Les personnes immunodéprimées sont généralement classées en deux catégories. La première regroupe celles qui souffrent d’une condition médicale sous-jacente qui affaiblit leur système immunitaire, par exemple, les personnes qui souffrent d’une leucémie, d’un VIH non contrôlé ou d’une maladie génétique rare. La deuxième rassemble toutes celles qui nécessitent la prise de traitements immunosuppresseurs, notamment après une greffe d’organe, à cause de maladies rhumatismales ou de certains cancers. Certaines situations s’inscrivent dans les deux catégories, par exemple la leucémie lymphoïde chronique ou le lupus.

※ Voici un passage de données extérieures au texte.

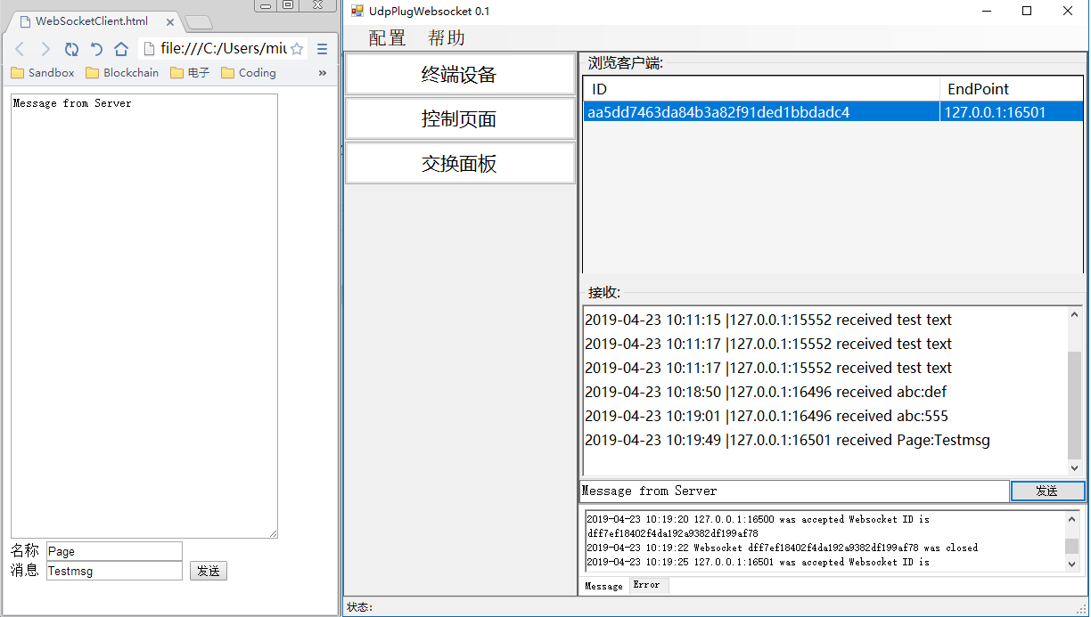启动方法:在本地windows环境下运行.\UdpPlugWebsocket\bin\Debug\UdpPlugWebsocket.exe即可按照config.xml中描述的端口启动服务程序。默认UDP端口为7101,Websocket端口为9000。此时外部的UDP连接和Websocket连接都会在UI中显示。其中UDP在终端设备页面中显示,Websocket连接在控制页面中显示,通讯状况在交换面板页面中显示。您可以通过配置->显示调试系信息 打开或关闭UI的通讯Log。

Parmi les facteurs susceptibles d’altérer la réponse d’un patient à un vaccin se trouvent les médicaments qui lui sont administrés ainsi que leurs conséquences, la durée du traitement, la maladie dont il souffre et ses antécédents d’infection. Pour les receveurs d’organe, le temps écoulé depuis la greffe rentre également en compte.

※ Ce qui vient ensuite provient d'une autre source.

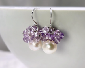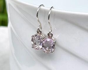 Faceted lavender amethyst gemstone earrings bezel set in sterling silver with wire wrapped accents and sterling silver ear wires.

« C’est la raison pour laquelle c’est très important pour les personnes souffrant d’immunodépression de parler à un expert de leur situation spécifique puisque l’échelle de variabilité est très large », conseille Aaron Richterman, spécialiste des maladies infectieuses à l’école de médecine Perelman à l’université de Pennsylvanie.

DES INDICES PEU CLAIRS

Les réponses variables aux vaccins contre la COVID-19 s’expliquent par le vaste éventail d’affections et de médicaments qui affaiblissent le système immunitaire. À l’heure actuelle, les éléments dont les scientifiques disposent indiquent que les plus faibles réponses ont été enregistrées chez les receveurs d’organes, chez certains patients atteints de leucémie et chez les personnes sous certains traitements spécifiques. Parmi les médicaments qui réduisent la réponse immunitaire, on trouve le mycophénolate, qui prévient le rejet d’organe, le rituximab, un anticorps utilisé dans le traitement des cancers du sang et de certaines maladies auto-immunes comme la polyarthrite rhumatoïde, et enfin le méthotrexate, conçu pour traiter certains cancers et maladies auto-immunes.

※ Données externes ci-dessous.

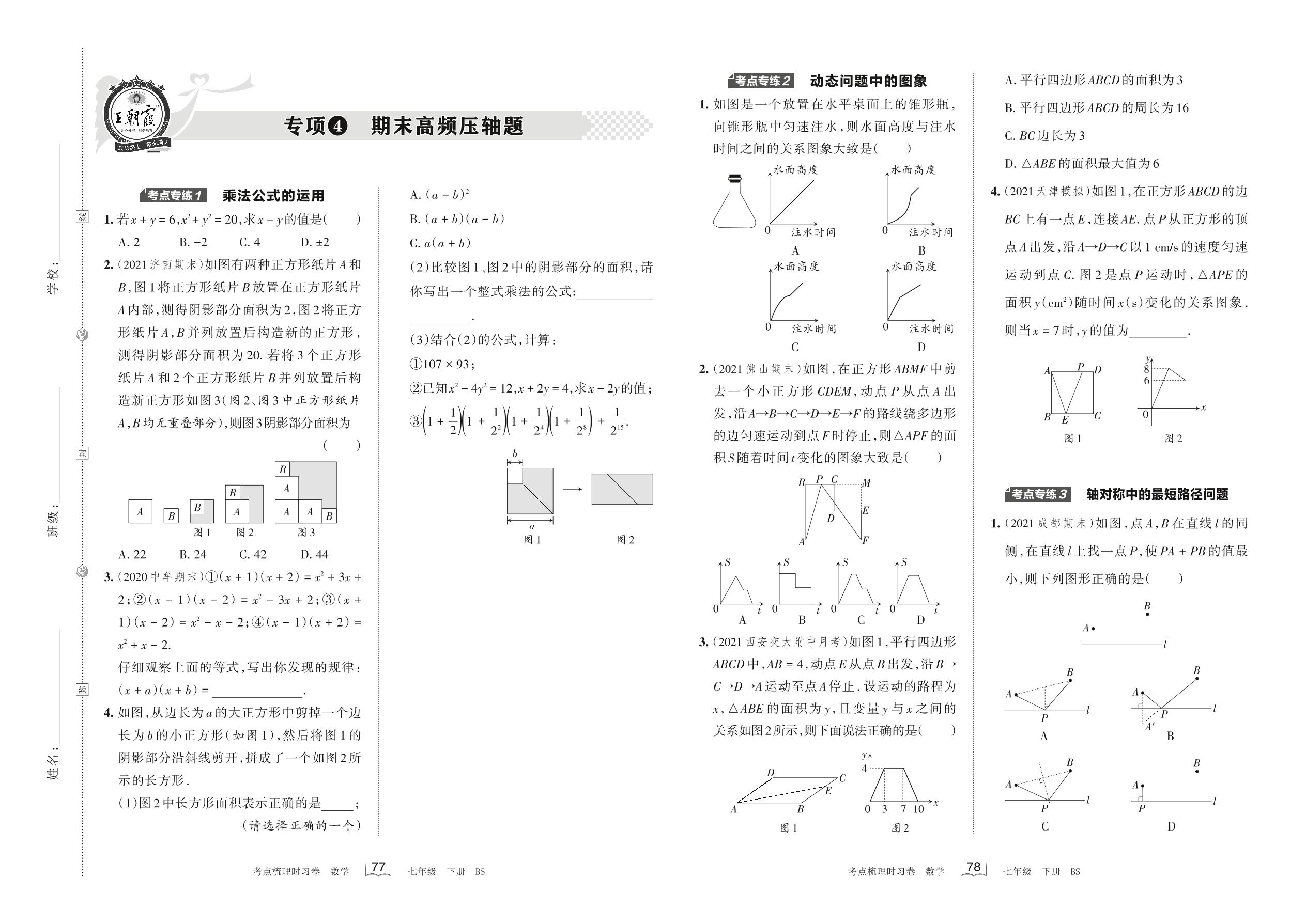 2022下册七年级数学北师版 专项4 期末高频压轴题

Par exemple, une étude a prouvé que seuls 54 % de 658 receveurs d’organes ont développé des anticorps après l’injection de deux doses de vaccin à ARN messager. Ce taux était encore plus bas chez les patients sous traitement avec du mycophénolate par exemple. Une étude similaire menée sur 609 personnes ayant bénéficié d’une greffe de rein a révélé que seule la moitié d’entre elles disposaient d’anticorps détectables après une vaccination à ARN messager contre tout juste 5 % pour celles qui prenaient du bélatacept. Les receveurs de greffe ont produit encore moins d’anticorps après l’injection d’une unique dose du vaccin Johnson & Johnson.